Thanks for having Katy over, Kelly – so fun!
Nicki – It’s a pleasure. I adore Katy and am so excited to have her pop over for an eggnog or six. As for you, well you had me chuckling at the “… even the catalog bring her hours of joy.” American Girl cannot ask for a finer endorsement.
Fun post. Had me smiling about the insanity we parents put ourselves through sometimes. Nice to meet you Katy & thanks Kelly!
My pleasure Christine. Long live the insanity.
Nice to meet you, too, Christine. And yes, it’s amazing what we’ll do to bring our kids joy–if only for a moment.
Oh what we go through for our children! What a great story and I love the fun visitors you’ve got stopping by your blog.
Aw thanks Michele. The only thing that would make it more fun would be to be able to offer each and every one an eggnog in person!
Thanks for enjoying the story, Michele! And thanks for giving a shout out to Kelly hosting on her awesome blog. She’s got the best readers and commenters, doesn’t she?
Hilarious (although I know it wasn’t at the time!) We went through similar experiences with our kids (Cabbage Patch Kid and Silver Hawk action figures) but that was a million years ago pre-internet. In some ways I think it was easier then – we could only search as far as our car would drive us or as many phone calls as we could make. With the internet I feel like anything is possible/findable if only I use the right search terms. And then when the item is sold out or backordered – ARGH!!! Your solution was a brilliant one, Katy. And I’m impressed that you didn’t succumb to the Ebay vultures! As a grandmother, the lesson I learned from your story: When presented with an array of wishes, always ask, “But if you could only pick ONE, which would it be?”
Thanks, Kelly for bringing us Katy and another great Christmas story!

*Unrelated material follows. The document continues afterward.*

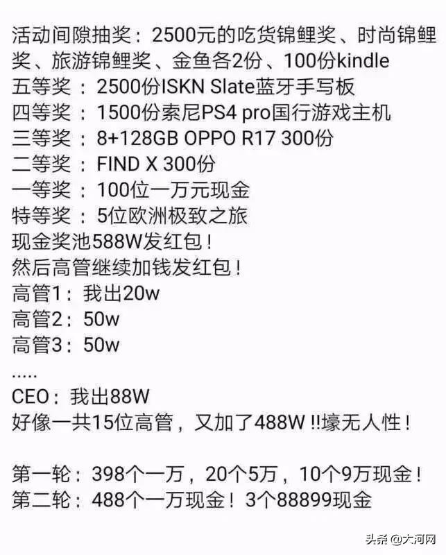 据员工介绍,在晚会中确实穿插举行了抽奖活动,特等奖是5位欧洲极致之旅。除此之外,“还有很多现金和奖品抽奖。现金奖原本为588万元,这是本来准备好的。抽完后,高管们纷纷又自己拿了奖金出来,总共488万元,其中CEO拿出了88万。”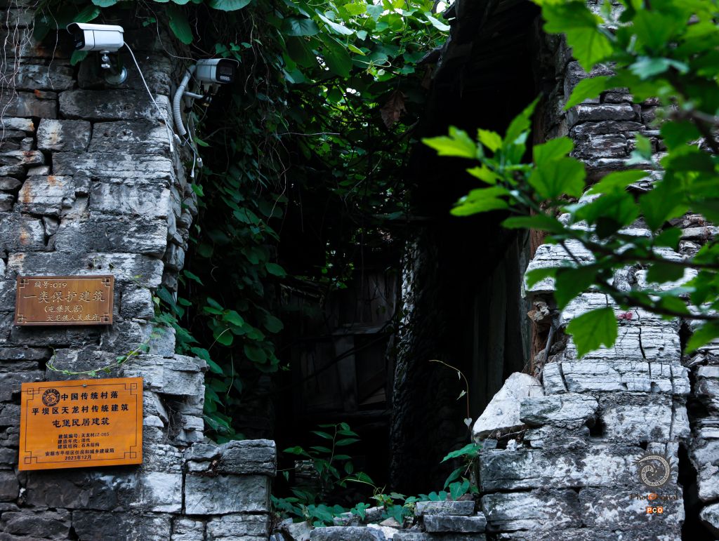 这是平坝区天龙村传统建筑——屯堡民居残垣。石块堆砌的墙体,爬满绿植,岁月斑驳其上。“一类保护建筑”“中国传统村落”的牌匾,见证其历史价值。监控设备与古旧建筑碰撞,呈现传统与现代交融。残垣似沉默老者,诉说屯堡过往,绿植如新生脉络,延续古寨生机,定格传统村落保护与时光侵蚀间的独特张力,留住历史根脉与文化记忆 。

OOO, yes, Mo, “If you could only pick one, which would it be?” I’m going to start saying that immediately. I’ve already had to exchange the Legos my son wanted in November for the ones he has decided he can’t live without in December (and weren’t on the list in November!).

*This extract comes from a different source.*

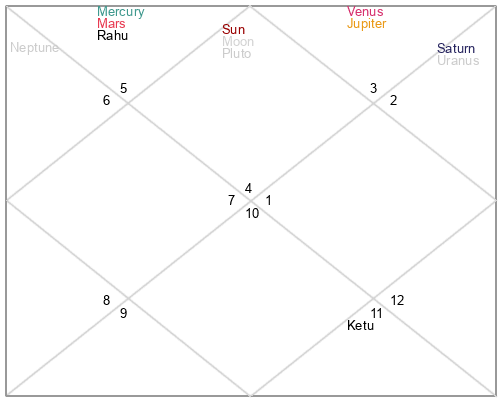 | Rahu | 5 Virgo 6 | 19 Pisces 45 | 0 Virgo 42 |

Such a great story, Katy, because it is just so true! And I am very glad to know that my darling Daughter is not the only one who would – who has – uttered such words. Mine is normal! Hooray! Because sometimes I wonder…
See, Lisa, I love your comment because it makes me feel better about my own kids/family (ours isn’t the only one like that! We’re normal! hooray!). 🙂
Sara (and hello, Kelly–you generous soul),
Oh, American Girl, you teacher you.
What speaks to me about this experience is your effort to listen and your daughter’s tenacity to express what she wants. Both those skills take enormous practice. And wow, talk about skating a figure eight!
I connect with your sense of humor and see myself in your post as just last week I bought apples for my grandson (mom’s request), but I bought a different type apple than those he loves. I’m learning a little more about nuance and communication. : )) xo
*Hi!* Susan.
Yes, talk about skating a figure eight indeed. I think that’s true with all of the participants in this American Girl saga. Grinning here over your criss cross applesauce scenario. There are teaching moments around every corner aren’t there?